**Dataset entries**
/---

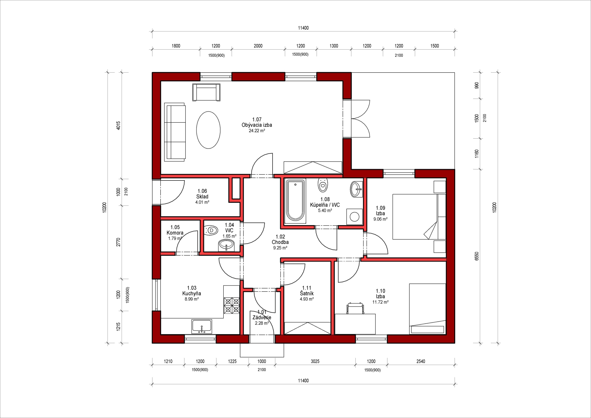 • Cena projektu domu 1150 €
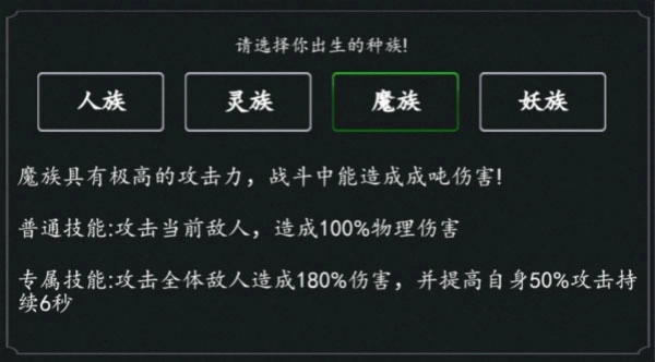 人族:中后期选手,前期会比较弱势。当有一定装备后,人族在挑战boss,有独特妙处。种族技能为沉默效果,谁用谁知道,特别中后期,大部分挑战都在比拼谁能更高效的进行技能释放。
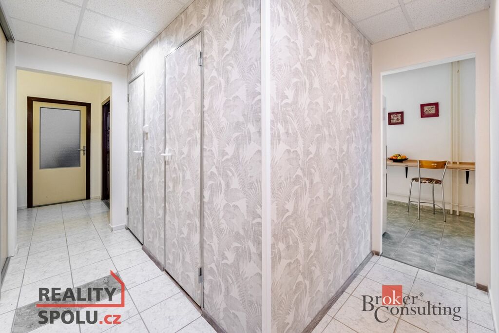 Byt se skládá ze tří neprůchozích pokojů, prostorné předsíně s chodbou, kde jsou umístěny vestavěné skříně, kuchyně, koupelny a samostatné toalety. K bytu náleží sklepní kóje (2 m2) a dále je možnost využívat společnou kolárnu. Orientace bytu je na východ. Dům prošel kompletní revitalizací – zateplení, výměna oken za plastová, nový výtah, úprava společných prostor. Díky své poloze, kdy je byt ze všech stran obklopen dalšími jednotkami, nabízí velmi nízké náklady na vytápění. Fond oprav činí cca 2.800 Kč.
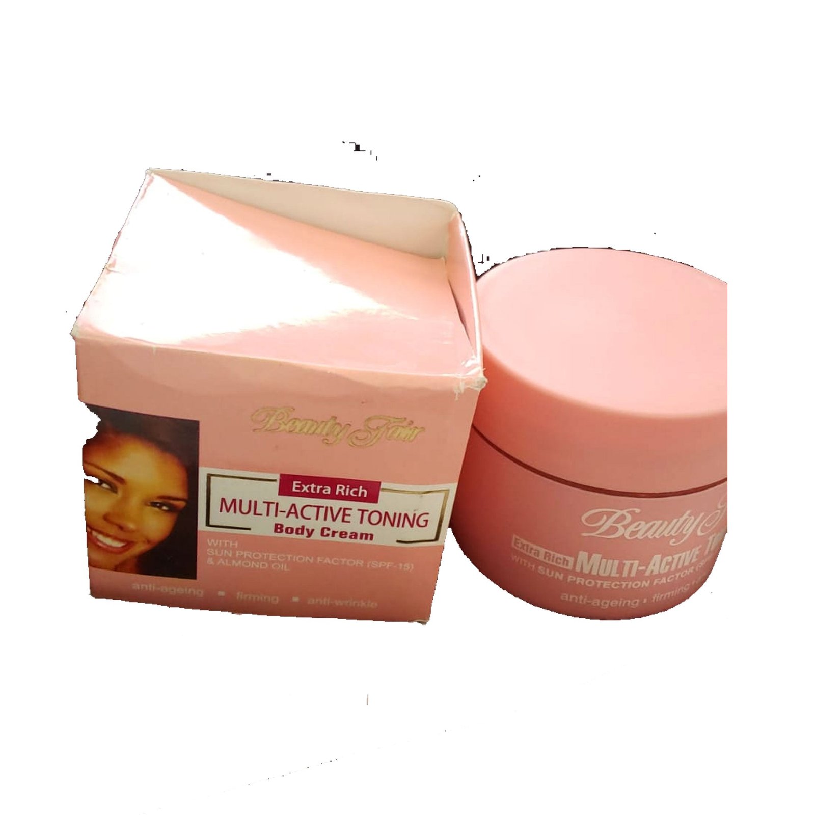 Beauty Fair Multi Active Toning Body Cream is a specialized skin-lightening treatment designed to provide a significantly brighter and more uniform complexion. This cream features a “Multi Active” formula that combines potent whitening agents with natural botanical extracts to target melanin production and restore a youthful brilliance.
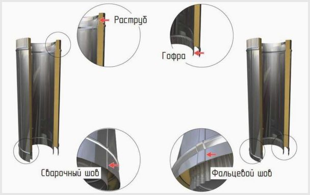 Соединяться между собой детали сэндвич дымоотвода могут двумя вариантами: раструбами и волнистыми краями. Раструбное соединение подразумевает наличие с одной стороны немного более широкой фаски. При подобном выполнении достигается большая степень герметичности дымоотвода. Этот вид сэндвич труб прекрасно подойдет для газовых водогреев, где главное не позволить утечки. Есть и минус: процесс установки просит большой точности.
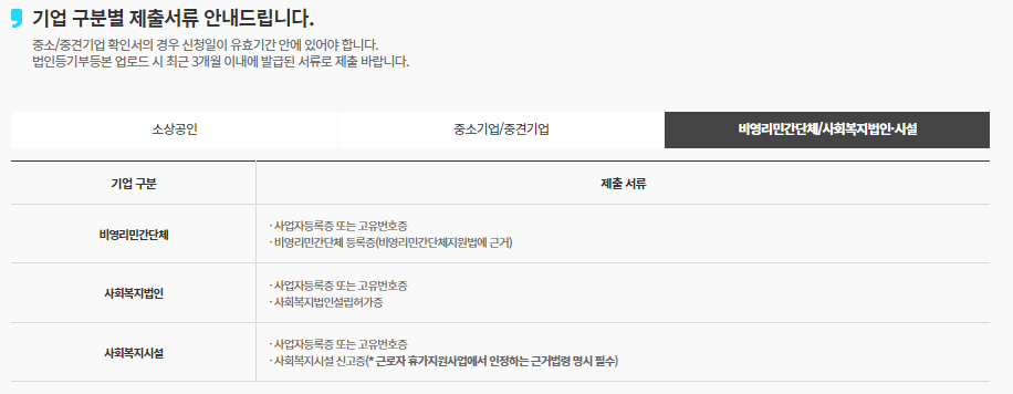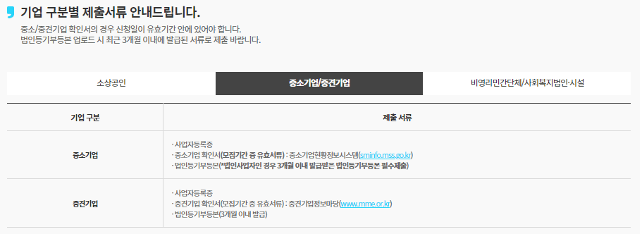 중소, 중견기업 확인서의 경우, 신청일이 유효기간 안에 있어야 하며,
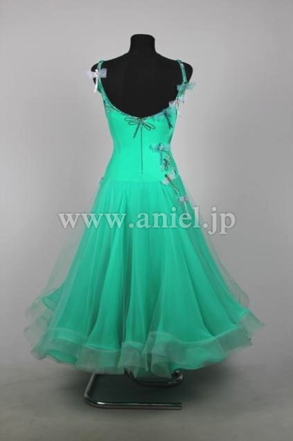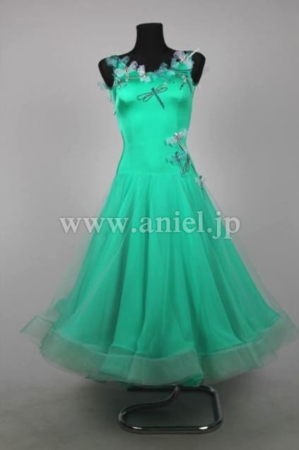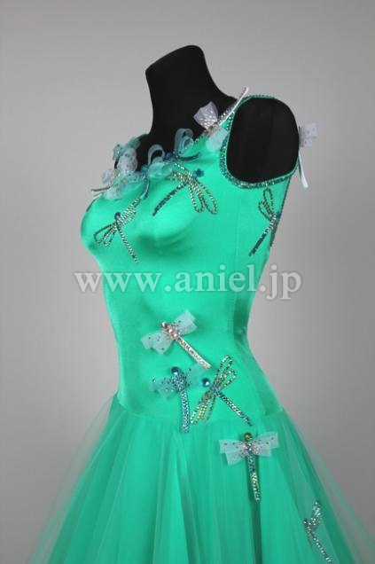 美しいエメラルドグリーンのボディに蜻蛉の立体モチーフがたくさん散らされている個性的なデザインです。ホースヘアーで丁寧に作られた羽根がリボンのようなデザインで可愛らしくスワロフスキーストーンで描かれた蜻蛉模様も美しいドレスです。
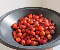 - Hagebutten waschen und Stiele und Blütenansätze entfernen.
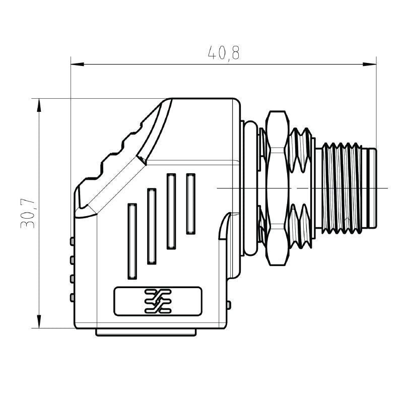 Introducing a versatile angled adapter that connects through RJ45 90° and M12 interfaces, specifically engineered for Cat5 networks and adheres to ISO/IEC 11801 standards With an impressive IP67 protection rating, this adapter is built to withstand demanding environments It also meets RoHS compliance, and features a gold-plated contact surface to ensure superior conductivity and performance.
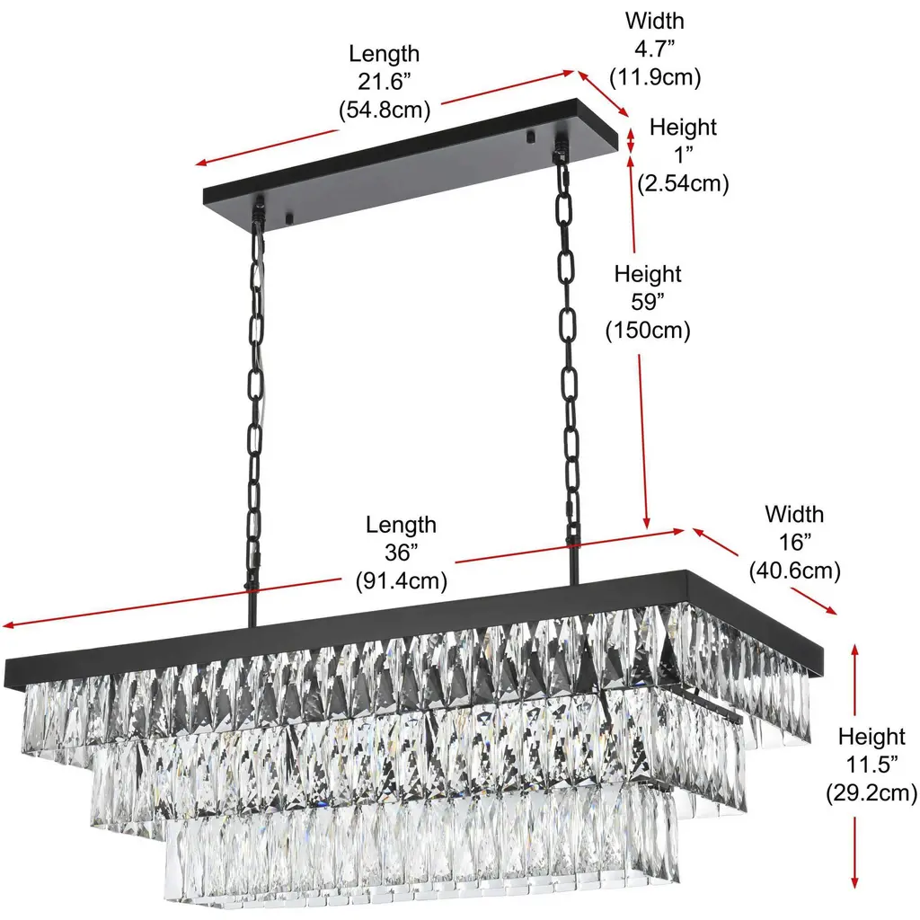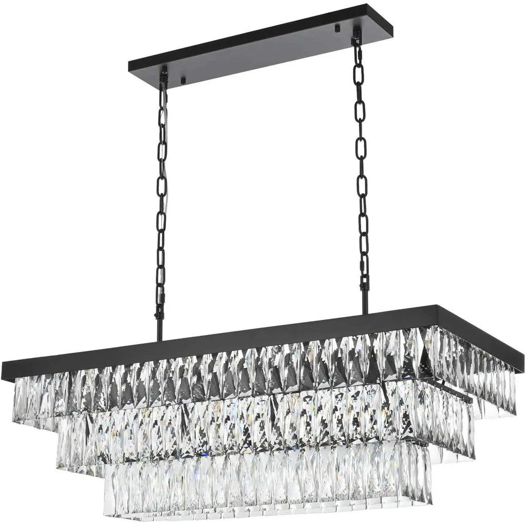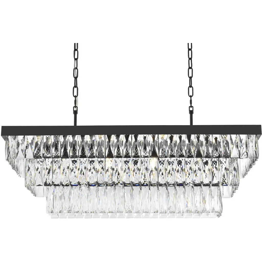 Transform your space with this spectacular linear pendant that reinvents crystal lighting for contemporary interiors. The bold rectangular frame suspends two perfectly proportioned crystal tiers, creating a mesmerizing interplay of light and structure. Each precisely cut crystal is strategically positioned to maximize light play, producing brilliant refractions that dance across your space. The strong horizontal presence makes this fixture an ideal centerpiece above dining tables, conference rooms, or in grand living spaces. The thoughtful construction marries industrial strength with crystalline delicacy, as the robust metal frame appears to float above while supporting the spectacular crystal arrangement. Whether styled in reflective chrome, sophisticated black, or warm satin gold, this pendant commands attention through its architectural presence. The linear composition offers a fresh interpretation of crystal lighting, where clean lines and geometric precision meet the spectacular light performance of premium crystal. This fixture doesn't merely illuminate it defines space through its commanding horizontal presence while creating an ever-changing display of light and shadow.

\---

**Work instruction**
Beginning with the line above that contains "Byt se skládá" and finishing with the line that contains "Beauty Fair Multi", print those lines exactly and only. Skip all pictures.

**Problem solution**
 Byt se skládá ze tří neprůchozích pokojů, prostorné předsíně s chodbou, kde jsou umístěny vestavěné skříně, kuchyně, koupelny a samostatné toalety. K bytu náleží sklepní kóje (2 m2) a dále je možnost využívat společnou kolárnu. Orientace bytu je na východ. Dům prošel kompletní revitalizací – zateplení, výměna oken za plastová, nový výtah, úprava společných prostor. Díky své poloze, kdy je byt ze všech stran obklopen dalšími jednotkami, nabízí velmi nízké náklady na vytápění. Fond oprav činí cca 2.800 Kč.
 Beauty Fair Multi Active Toning Body Cream is a specialized skin-lightening treatment designed to provide a significantly brighter and more uniform complexion. This cream features a “Multi Active” formula that combines potent whitening agents with natural botanical extracts to target melanin production and restore a youthful brilliance.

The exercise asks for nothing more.